Dust pours down the back of any exposed necks, chests and into eyes. A hand gives us the signal to board and we move through the downdraft quickly, past the heat of the engines and into the relative quiet of the cabin. The engine's pitch roars and we watch the ground disappear. To our left, huge mountain ranges can be seen. To our right: desert. Apaches buzz around like lethal hornets, ready to sting anything that has a go.

As we descend, I lose sight of the mountains and we become surrounded by a desert moonscape. We arrive in Camp Bastion, one of the main operating bases for British forces in Afghanistan and home to some 4,000 troops. It is huge.

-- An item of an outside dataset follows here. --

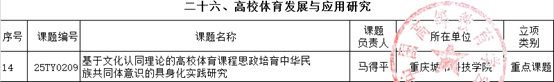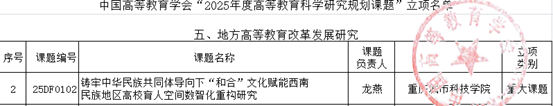 近日,中国高等学会发布了《关于公布“2025年度高等教育科学研究规划课题”立项名单的通知》(高学会〔2025〕54 号)文件,经学会严格资格审查、匿名专家评审及全社会公示等多环节严苛遴选,学校教师申报课题喜获佳绩:艺术与传媒学院龙燕老师主持的《铸牢中华民族共同体导向下“和合”文化赋能西南民族地区高校育人空间数智化重构研究》成功立项重大课题,体育与大健康学院马得平老师主持的《基于文化认同理论的高校体育课程思政培育中华民族共同体意识的具身化实践研究》获批重点课题。此次两项课题高标准立项,不仅是对学校教师科研能力与学术水平的高度认可,更实现了学校在国家级学会重大课题立项领域的历史性突破。 《铸牢中华民族共同体导向下“和合”文化赋能西南民族地区高校育人空间数智化重构研究》课题聚焦西南民族地区高校教育实践,直击多元文化整合与国家认同强化的平衡难题。研究以“和合文化”为纽带,提出“和而不同”原则协调文化冲突,运用文化符号和数字技术构建沉浸式教育环境,系统性破解民族地区高校意识形态教育碎片化问题,形成“政治认同-家国情怀-共同体意识”三阶浸润路径,推动育人目标从“课程叠加”转向“空间涵育”,助力地方院校实现从“政策执行”到“认同内生”的范式跃迁,为深化民族团结进步教育、促进文化基因传承创新、持续培养堪当民族复兴大任的社会主义建设者注入精神动能,充分彰显了中国特色社会主义教育道路的理论自信与实践创新。 《基于文化认同理论的高校体育课程思政培育中华民族共同体意识的具身化实践研究》课题以“铸牢中华民族共同体意识”国家战略为核心导向,精准聚焦高校“课程思政”改革的关键突破点,深度挖掘并彰显体育学科在立德树人与文化传承中的独特功能与价值。研究创新性运用文化认同理论,系统构建了“体育课程思政元素—具身体验与认知建构—文化情感共鸣激发—价值理念深度内化—中华民族共同体意识生成”的递进式理论模型,将体育学科的身体实践性与思政教育的文化引领性进行深度融合,不仅为高校体育课程思政建设提供了科学系统的全新理论支撑,更清晰指明了可落地、可推广的实践路径,具有重要的理论创新价值与教学实践指导意义。 学校将以此次立项为重要契机,进一步深化有组织教研的内涵建设与外延拓展,以高质量课题研究为引领,持续优化教育教学体系,不断夯实科研创新基础,稳步提升服务国家战略与区域发展的能力,在高等教育内涵式发展道路上扎实前行。(龙燕 马得平/图文 传媒中心 刘孟泽/编辑)

A sprawling suburb of reinforced concrete walls, HQs, accommodation blocks and vehicle parks. It is in the middle of nowhere. We pack our kit for tomorrow's training, discuss how we will go about things with the corporals and sergeants, talk and joke with the soldiers and eventually get some sleep. During the night, the roar of aircraft and helicopter engines rolls through the desert like a ferocious thunderstorm. We sleep fitfully.

For the next three days and nights, we train hard. Storming purpose-built Afghan compounds. Breaking contact from ambushes. Casualty evacuations. Calling in air support. Spotting explosive devices in the ground.

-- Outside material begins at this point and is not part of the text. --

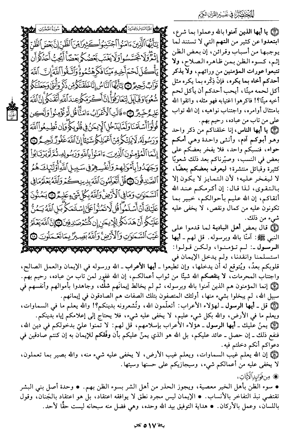 12 - يا أيها الذين آمنوا بالله وعملوا بما شرع، ابتعدوا عن كثير من التهم التي لا تستند لما يوجبها من أسباب وقرائن، إن بعض الظن إثم، كسوء الظن بمن ظاهره الصلاح، ولا تتبعوا عورات المؤمنين من ورائهم، ولا يذكر أحدكم أخاه بما يكره، فإنّ ذِكْره بما يكره مثل أكل لحمه ميتًا، أيحب أحدكم أن يأكل لحم أخيه ميتًا؟! فاكرهوا اغتيابه فهو مثله، واتقوا الله بامتثال أوامره، واجتناب نواهيه، إن الله تواب على من تاب من عباده، رحيم بهم.
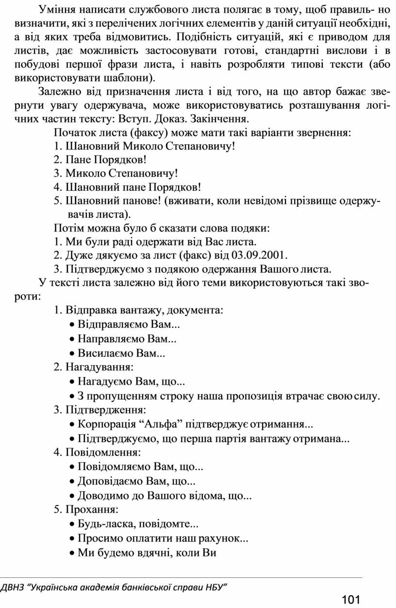 Уміння написати службового листа полягає в тому, щоб правиль- но визначити, які з перелічених логічних елементів у даній ситуації необхідні, а від яких треба відмовитись. Подібність ситуацій, які є приводом для листів, дає можливість застосовувати готові, стандартні вислови і в побудові першої фрази листа, і навіть розробляти типові тексти (або використовувати шаблони).

Remind and revise. Remind and revise.

The adrenaline is up from the live ammunition compound clearances. We all understand that this is only one small step from the real thing. We get a little more familiar with the alien landscape. And almost as soon as it starts, our final period of training is over.

The last leg of our journey takes us by helicopter the 80km (50 miles) from Bastion to the town of Sangin, where Ranger Company will spend the next six months. It is a town we have heard much of over the past few months, a town where men from 1st Royal Irish and indeed from my platoon have fought and died before.

I approach with mixed emotions, my heart in my mouth and my head repeating and repeating what will happen if we land in a hot landing zone. We touch down. Into the fire...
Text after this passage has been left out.